### Directions for this task
Reproduce, without alteration, every line of the data; exclude the images.
** Opening Source material block **
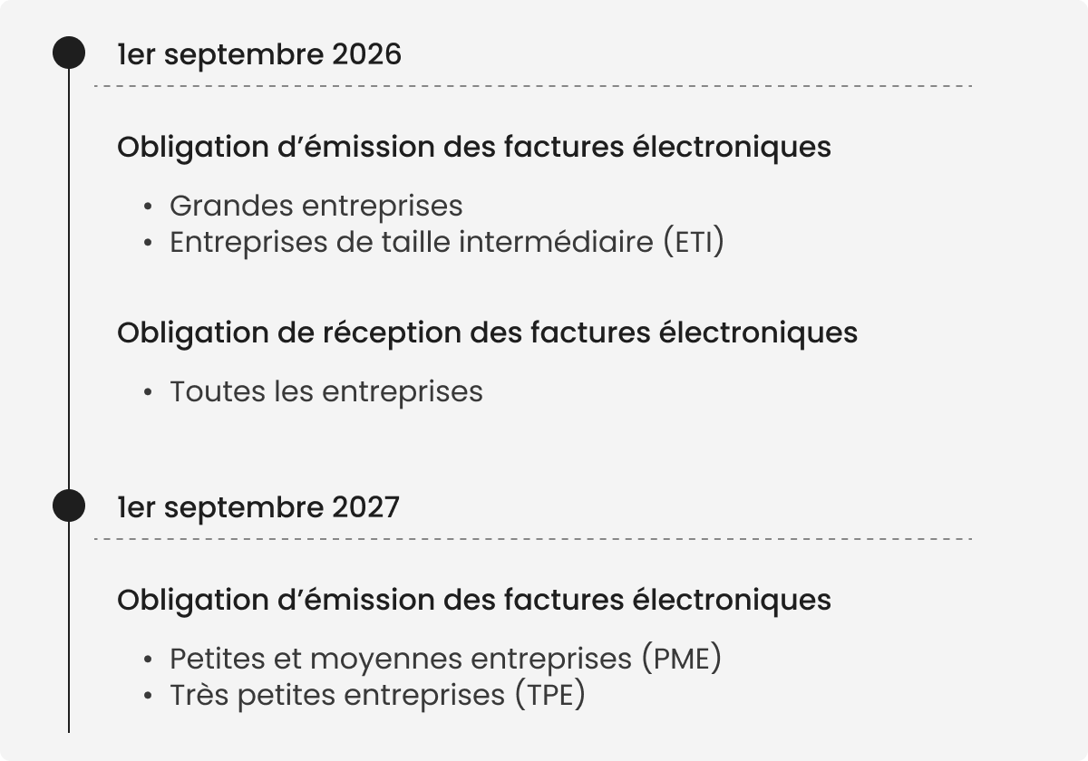Le compte à rebours est lancé, le calendrier pour la réforme de la facturation électronique est fixé, conformément à la loi de finances pour 2026 :
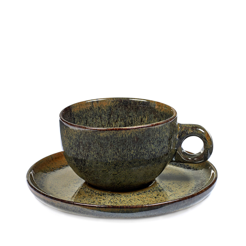 Deze Cappuccinokop heeft een inhoud van 230 ml, de bijpassende schotel heeft een diameter van 13,5 cm. De kop en schotel zijn gemaakt van Indi Grey aardewerk en deels mat geglazuurd.
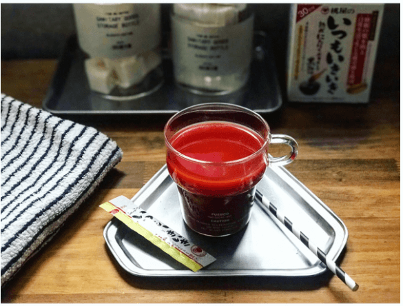 朝忙しくてコーヒーを飲めなかった日は、お風呂上がりのトマトジュースに入れて飲む、というルールにしているのだそうす。
** Closing Source material block **
### Task solution
Le compte à rebours est lancé, le calendrier pour la réforme de la facturation électronique est fixé, conformément à la loi de finances pour 2026 :
 Deze Cappuccinokop heeft een inhoud van 230 ml, de bijpassende schotel heeft een diameter van 13,5 cm. De kop en schotel zijn gemaakt van Indi Grey aardewerk en deels mat geglazuurd.
 朝忙しくてコーヒーを飲めなかった日は、お風呂上がりのトマトジュースに入れて飲む、というルールにしているのだそうす。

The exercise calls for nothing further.